Saturday, January 7, 2017

Comment at "Contrary Brin", on why I sat out the 2012 vote

David, Following your comments thread, this one got me: "But the balance sheet is hugely in favor of the American Peace. Violence has plummeted and child health and education skyrocketed. The world that Roosevelt and Marshall built is better than any that ever was." The balance has been in our favor. In my first comment here I proposed that as a civilization we are poised near the right most extremity of an epochal pendulum swing. Along the course of that century long swing America was truly exceptional and "the world that Roosevelt and Marshall built" was central to that exceptionalism.  

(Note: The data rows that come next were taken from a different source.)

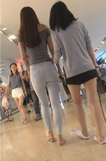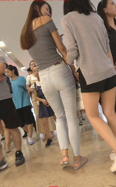 4K-商场浅灰紧身牛仔裤圆润翘臀长发美女 编号9311 |
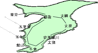 フェリーで・・・ ●久里浜港→東京湾フェリー(1日21便、所要時間35分)→浜金谷港 ●料金;航送料金3,880円(車両全長5m、大人1人含む)('02.8現在) ※便数は、変更の場合があるので時刻表などでご確認ください。
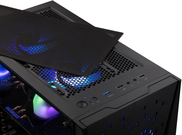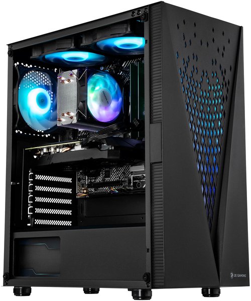 Среди примечательных особенностей системного блока - вентиляторы с RGB подсветкой, а также боковая панель из закаленного стекла.
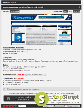 Полностью новый рип шаблона Cscontrol, полный и качественный рип всех модулей сайта со всеми новыми обновлениями. Шаблон на тематику Counter-Strike. Выполненный в темных тонах. Красивый и функциональный шаблон. Множество различных модулей.
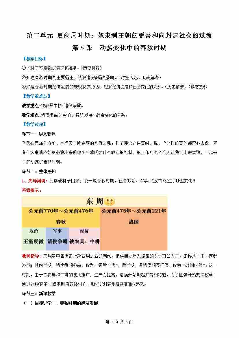 第5课 动荡变化中的春秋时期(教学设计)
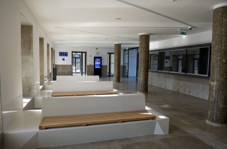 A homlokzati kerámiaburkolat helyére hőszigeteléssel ellátott csiszolt mészkőburkolat került, a bejárathoz kapcsolódó falakon szürkés árnyalatú texturált műkőburkolattal és arra épített kültéri órával. A beltérben kő- és faburkolatú padokkal, valamint süllyesztett világítással alakítottak ki kortárs hangulatot. Fehér dekorbeton ablakkeretezés fogja össze a földszinti ablaksort, az emeleti nyílásoknál műkő árnyékoló pengék jelennek meg. Szintén műkő szegélyelem emeli ki az épület fő karakterét adó födémlemez könnyed lebegését. A főbejárat automata tolóajtós portállal készült.
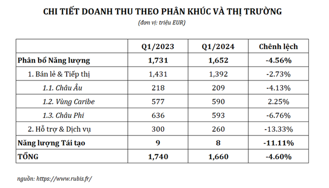 Liên quan đến hoạt động sản xuất năng lượng tái tạo, công suất hoạt động trên các tài sản của Photosol tăng 5% so với quý kinh doanh kết thúc vào tháng 12/2023, lên tới 936 MWp. Liên quan đến thỏa thuận mua bán điện năng (PPA), Rubis đã ký được các thỏa thuận hợp tác lớn với Data4 và một khách hàng tổ chức lớn khác, với tổng công suất lên tới 105MWp.
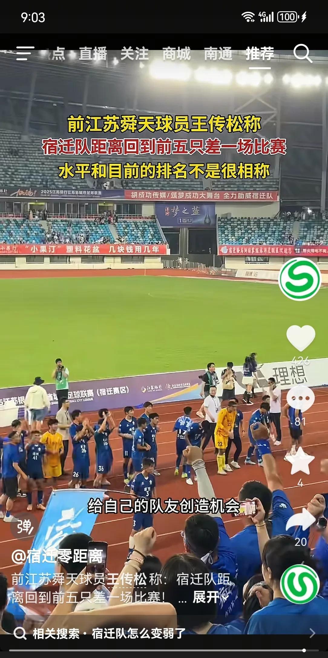 苏超宿迁队2025年8月3号19点30分对阵无锡队。前江苏舜天球员王传松说:“宿
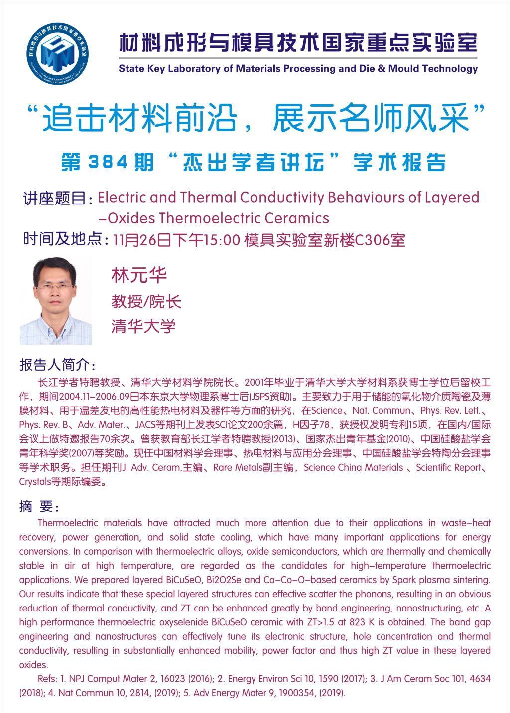 第384期杰出学者讲坛——清华大学林元华教授
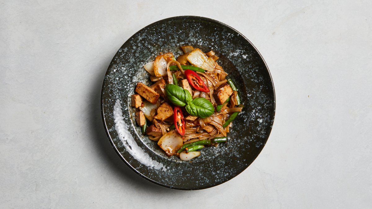 Risnudler, Tofu, Løg, Bønner, Chili, Basilikum
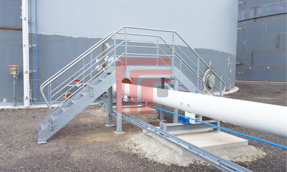 Construção de Escadas Helicoidais / Caracol para acesso a coberturas de Reservatórios Metálicos. São fixos à parede externa dos reservatórios, com plataformas de descanso providas de guarda corpos e rodapés protetores. Estas escadas são caracterizadas pela sua resistência química e leveza, sendo ideais para instalação em estruturas elevadas. As escadas helicoidais são ideais para paredes curvas, sendo construidas um degrau de cada vez, uma só peça e são encaixados entre si numa coluna central.
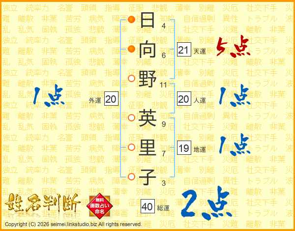 日(4画)向(6画)野(11画) 英(9画)里(7画)子(3画)
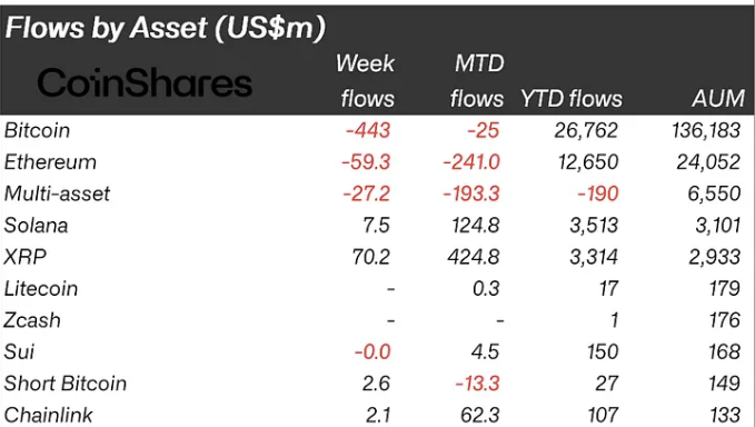 一方、ビットコインとイーサリアムは引き続き地歩を失っている。ビットコイン製品は$443 百万ドルの週間流出を記録し、イーサリアムは5950万ドルを失った。XRPとSolanaのETFローンチ以降、ビットコインとイーサリアムは合計28億ドルと16億ドルの流出を記録している。
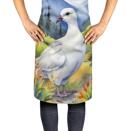 Apron featuring breed specific Willow Ptarmigan artwork. Elevate your cooking, baking, and grilling experiences with our versatile Kitchen or BBQ Apron. This Bib Style apron isn’t just limited to culinary activities – it also serves as an excellent baking apron, artist apron, server apron, gardening apron, or even a dog grooming apron. The apron showcases vibrant full-color artwork contributed by one of our talented artists, bringing a dash of style to your daily tasks. With dimensions of approximately 27″W x 30″H, it provides ample coverage to protect your clothing from spills and splashes. Our apron is meticulously crafted from 100% Ultra Spun Polyester, known for its durability and lightweight nature. The apron comes with white tie straps, ensuring a comfortable and adjustable fit for all. It’s a perfect choice for kitchen apron enthusiasts, whether you are a woman or a man. Designed for easy maintenance, this apron is fully machine washable. The quick-drying polyester material actively reduces staining, keeping your apron looking fresh and new for longer. Our beautifully designed apron isn’t just a functional kitchen accessory – it’s a fashion statement in the culinary world!
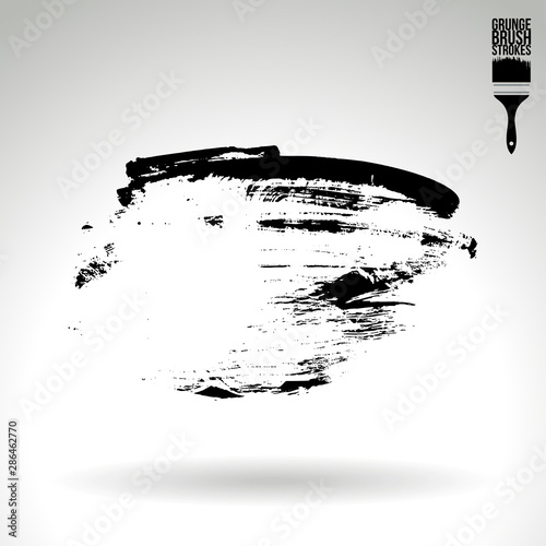 Fototapeta premium Black brush stroke and texture. Grunge vector abstract hand - painted...
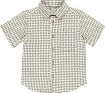 A bold geometric print distinguishes a button-up shirt made from pure cotton fabric for a crisp fit with every wear.
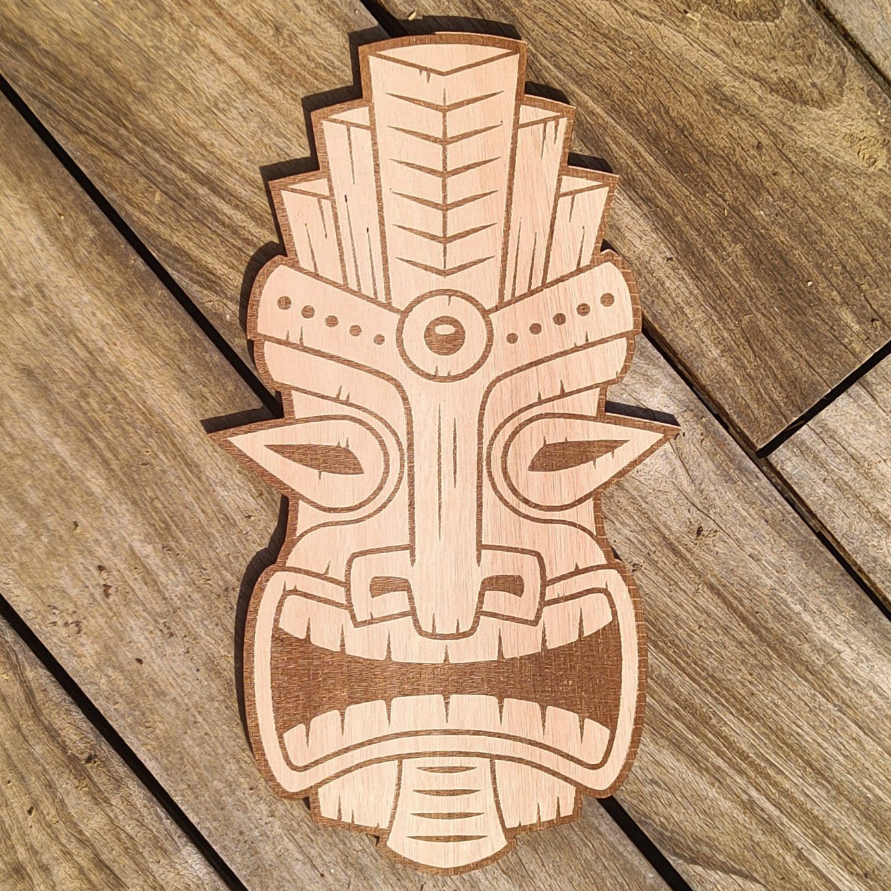 - Un masque de tiki en bois.
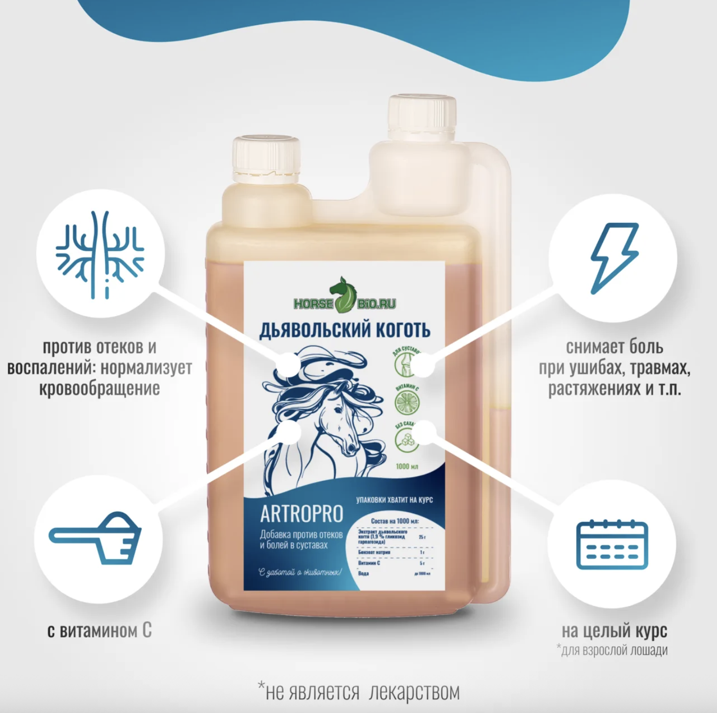 Эликсир ДЬЯВОЛЬСКИЙ КОГОТЬ ArtroPro с витамином С для лошадей
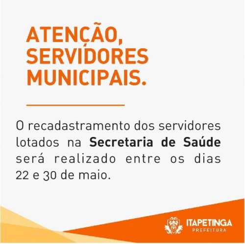 Chegou a vez dos servidores da Secretaria de Saúde. O recadastramento seguirá das 9h às 17h, de 22 a 30 de maio, na FACI – Fundação Associação Cultural Itapetinguense.
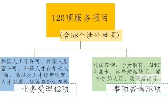 朝陽區(qū)先行設(shè)立的北京CBD國(guó)際人才一站式服務(wù)中心,是朝陽區(qū)打造的業(yè)務(wù)最全、功能最多的一站式綜合服務(wù)站點(diǎn)。截止到2021年4月,服務(wù)中心已經(jīng)辦理業(yè)務(wù)超過700件。中心整合了19家職能部門的120項(xiàng)服務(wù)項(xiàng)目,涵蓋外國(guó)人工作許可、居留許可、永久居留推薦,人才評(píng)審認(rèn)定、引進(jìn)落戶等42項(xiàng)受理事項(xiàng)和外籍人才社保、涉外婚姻登記、APEC商旅卡等78項(xiàng)咨詢事項(xiàng)。
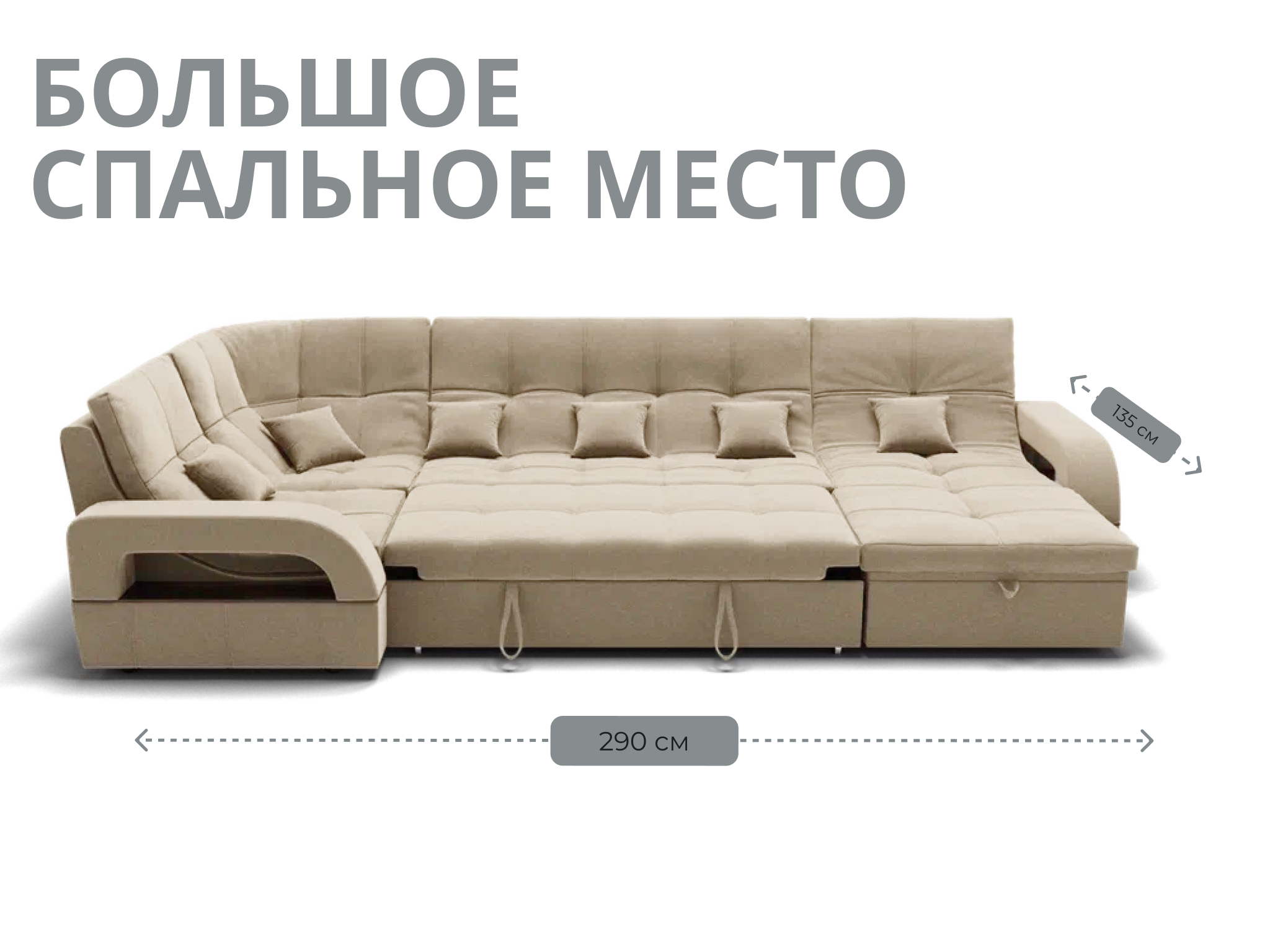 Спальное место имеет ширину 135 см и длину 290 см. Он предназначен для двух человек и имеет глубину сиденья 65 см. Максимальная нагрузка на диван составляет 280 кг.
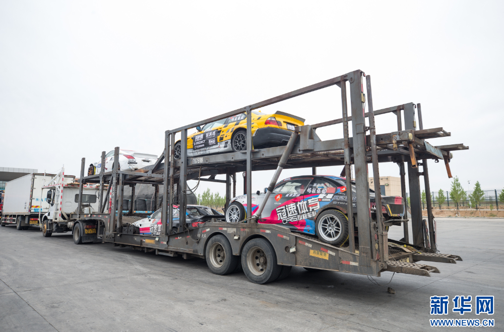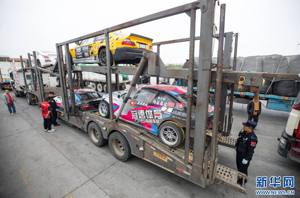 5月13日,中国汽车飘移车队从二连浩特公路口岸入境。新华网发(郭鹏杰 摄)
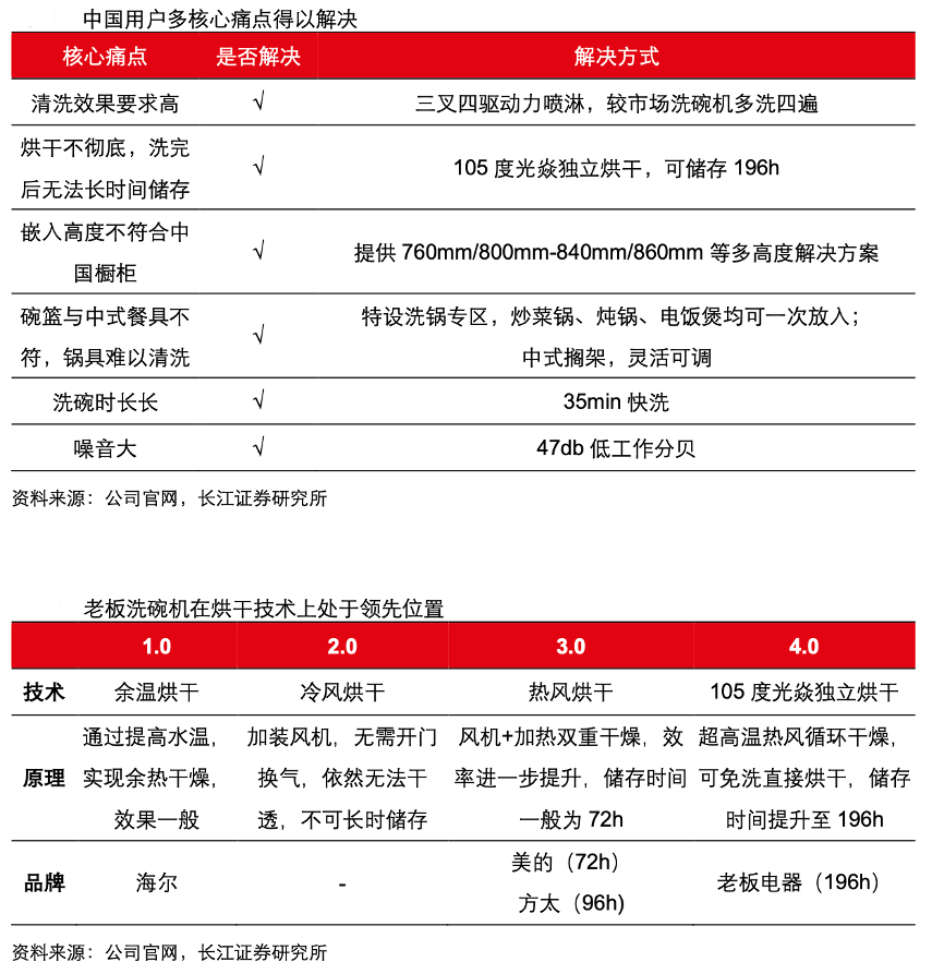經(jīng)典案例:根據(jù)公司官網(wǎng)、長(zhǎng)江證券研究所等綜合資訊表明,產(chǎn)品方面,老板電器通過(guò)深入研究中國(guó)廚房習(xí)慣,迭代升級(jí)強(qiáng)力清洗技術(shù),自主研發(fā)三叉洗凈專利,滿足中式烹飪過(guò)后餐具重油重污的潔凈需求;老板電器同時(shí)考慮了安裝便利問(wèn)題,確保可以靈活適配不同高度的中國(guó)廚房;值得一提的是,老板在烘干技術(shù)上處于絕對(duì)領(lǐng)先位置,可實(shí)現(xiàn)免洗直烘,且儲(chǔ)存時(shí)長(zhǎng)可達(dá)196h。
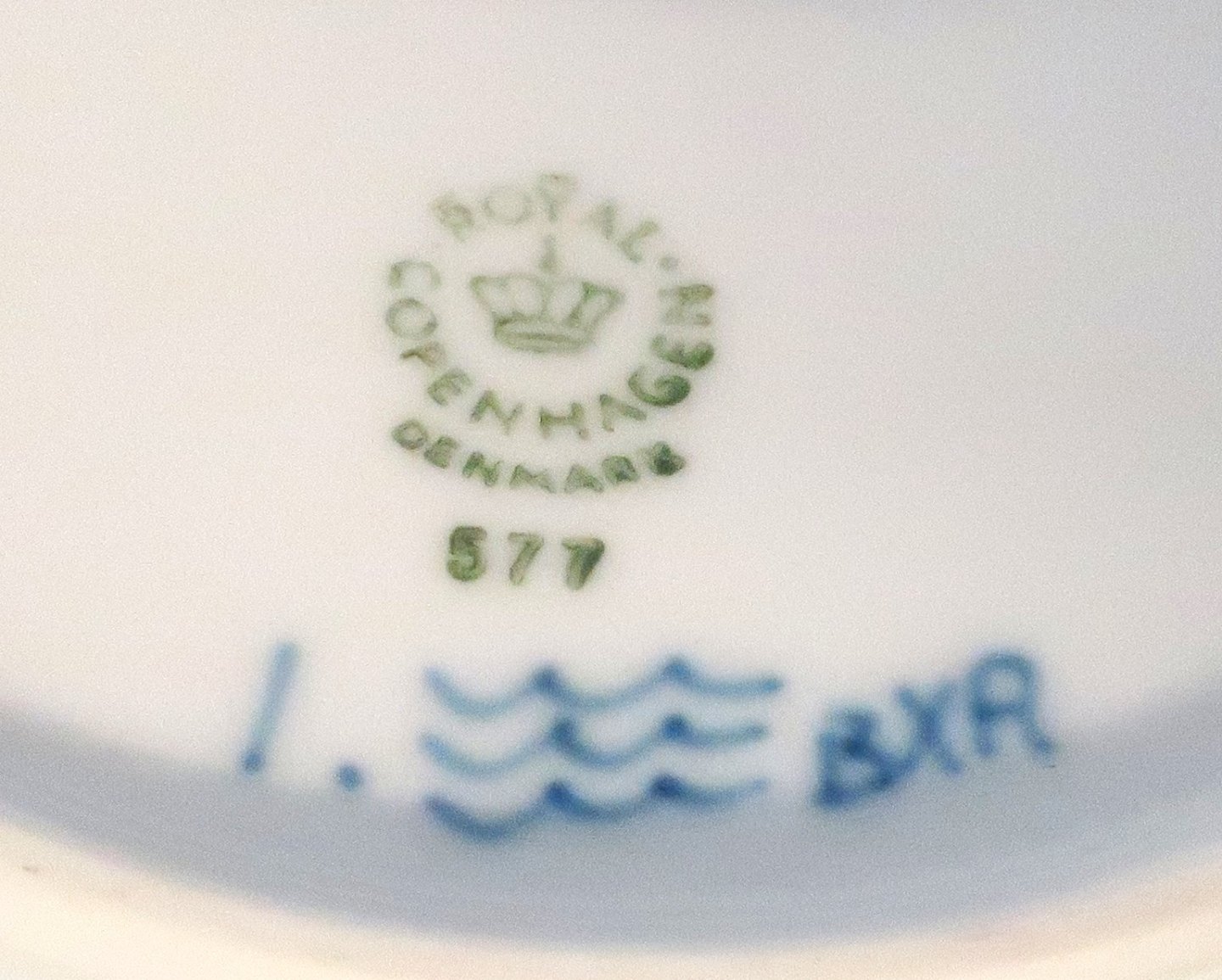 Königliches Kopenhagen. Musselmalet Vollspitze. Runde Schüssel. Modell 577 (1018). Höhe 6 cm. Durchmesser 21 cm. (2 Wahl)

However, we have recently incorporated torture into our cultural norms, we have abandoned the prosecution of fraud against the rich and powerful, we have legislated an executive right to assassinate US citizens on foreign soil at the sole discretion of an increasingly imperial presidency that has made Nixon's transgressions look timid, even naive. These execrable policies are legacies of the last administration that could easily have been repudiated by the current one under the cover of party change, but instead have now been consolidated into the bipartisan consensus in DC, the consensus that whatever the powerful do there must be no negative consequence for themselves.  

Born into the GOP in the deep South(west), the sight of my parents and their friends, good people for the most part, reduced to maniacal if not outright homicidal hysteria by what seemed and continues to seem to me the racial progress of Johnson's policies, I fled that society before its descent into evangelical fanaticism. The Democratic party has now incorporated all of what was worst of that Southern GOP I fled into its own establishment. This "left" critique of Ron Paul, about whom I mostly agree with what you've said, is illuminating in that it shows just how destructive the scope of real bipartisan consensus in Washington is, at the same time outlining a region of broad agreement between the "left" many libertarians.  

Maybe as you say, lefties want to expand horizons and seek problems to solve while righties don't want change thrust upon them, but with the radicalism that passed for conservativism for the last twelve years, and yes I am including Obama as this kind of "conservative" (what power relationship has he changed, has he not conserved?), change is coming now hard and fast. Global climate change is real, the "Sovereign debt crisis" is a hoax, but our politics have been holding this reality on its head for twelve to fourteen years. Greed is virtue, up is down, good is bad etc. Last October at an INET conference George Soros said "the system has collapsed, it's just that no one recognizes it yet". I still hold that we are at or near that ultimate rightward position on the techno/cultural pendulum swing. The reverse swing will happen despite every entrenched power centers strenuous effort to prevent it and with 7 billion souls in the world the change will come fast and frightening.  

When I meet people who describe themselves as conservative I always ask them what it is they conserve. I consider myself a "conservative" who is trying to conserve the positive legacy of the enlightenment and our New Deal inheritance of democratic capitalism. The gridlock of our politics has not held back change, it has merely prevented the changes accelerating around us from adversely affecting those who currently wield political or economic power, and even then only within our own borders. Those without power have been abandoned to the torrents of transformation and are making the future now because they have no choice, and it may not be one we like.  

The center pieces of the Marshall Plan, Germany and Japan have, with our encouragement, taken our scientific advances and applied them to real technology even as we export our own productive capacity to them and to China. The difference between Republicans and Democrats on all these issues is just in tone. I left Texas over a quarter century ago to escape repugnant racial views like those Paul has recently been pilloried for from his past but as Greenwald discusses in detail in the first link above Paul is providing a real service to everyone that continues to want America to stand for freedom. I don't know that I could vote for him, but I don't know that there will be anyone I can vote for this time around. A first for me.  

Change has overwhelmed our political system it seems to me. It's almost like it's 1989 again but we are the Soviet Union, what can not work won't; what can not last won't; debts that can not be repaid will not be repaid. But our national debt is not in that category, Europe's are (second link above). Are Russians better off now than they were in 1989? Will we be in twenty years? Neither Democrats or Republicans other than Paul have anything to say about any of this in the run up to a national election. Reality has left our politics behind. As William Gibson said, "the future has arrived, it is just poorly distributed", none of it has made it inside the beltway!

Four years after I wrote the above, we have Trump as President and the CIA trying to initiate a coup. Our first Banana Republican President!